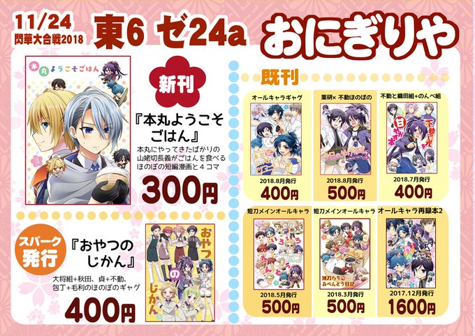 【11月閃華】おしながき | オムスビ【11/24ゼ24a】 #pixiv pixiv.net/member_illust.… :おしながきをアップしました。新刊は長義くんとオールキャラ本です~!
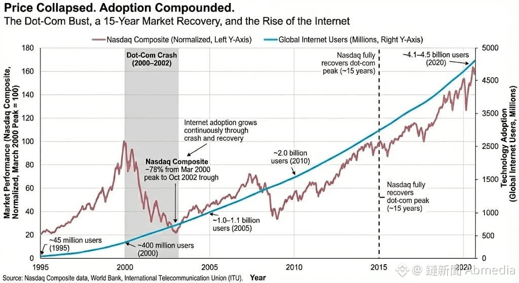 2000 年網路泡沫崩盤後,Nasdaq 市場與全球網路使用者數量的長期走勢 比特幣 ≠ 山寨幣 ≠ 加密市場
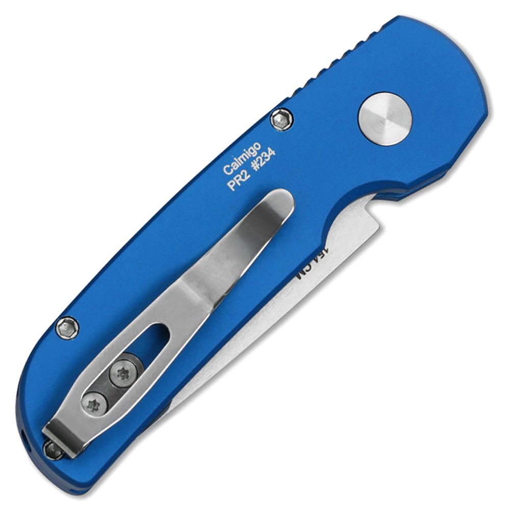 Pro-Tech Calmigo Auto Solid Blue Handle Satin Blade 2203-BLUE
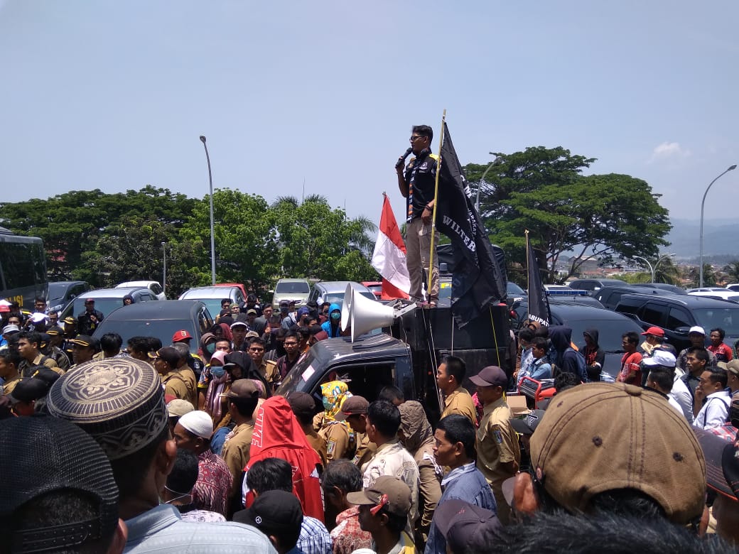 Bandarlampung,www.lensamedia.net –Sekitar 500 orang masa masyarakat Pekon Banjarejo kecamatan Banyumas ,Kabupaten Pringsewu dan Masyarakat Pamenang Kecamatan Pagelaran ,Kabupaten Pringsewu bersama Gerakan Masyarakat Bawah Indonesia(GMBI) berunjuk rasa di depan Polda Lampung menuntut agar Kepala Pekon(kakon)Banjarejo Herman dan Sungeb selaku warganya yang di tangkap tertanggal 20 September 2018 segera dibebaskan Senin(24/9)
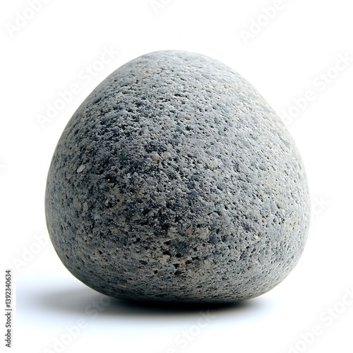 A smooth gray stone sits on a white surface displaying its texture

########################################

## Activity
The expected output is an exact copy of the lines from the one with "Pro-Tech Calmigo Auto" to the final line of the entries above, pictures excepted; please include both ends.

## Response
 Pro-Tech Calmigo Auto Solid Blue Handle Satin Blade 2203-BLUE
 Bandarlampung,www.lensamedia.net –Sekitar 500 orang masa masyarakat Pekon Banjarejo kecamatan Banyumas ,Kabupaten Pringsewu dan Masyarakat Pamenang Kecamatan Pagelaran ,Kabupaten Pringsewu bersama Gerakan Masyarakat Bawah Indonesia(GMBI) berunjuk rasa di depan Polda Lampung menuntut agar Kepala Pekon(kakon)Banjarejo Herman dan Sungeb selaku warganya yang di tangkap tertanggal 20 September 2018 segera dibebaskan Senin(24/9)
 A smooth gray stone sits on a white surface displaying its texture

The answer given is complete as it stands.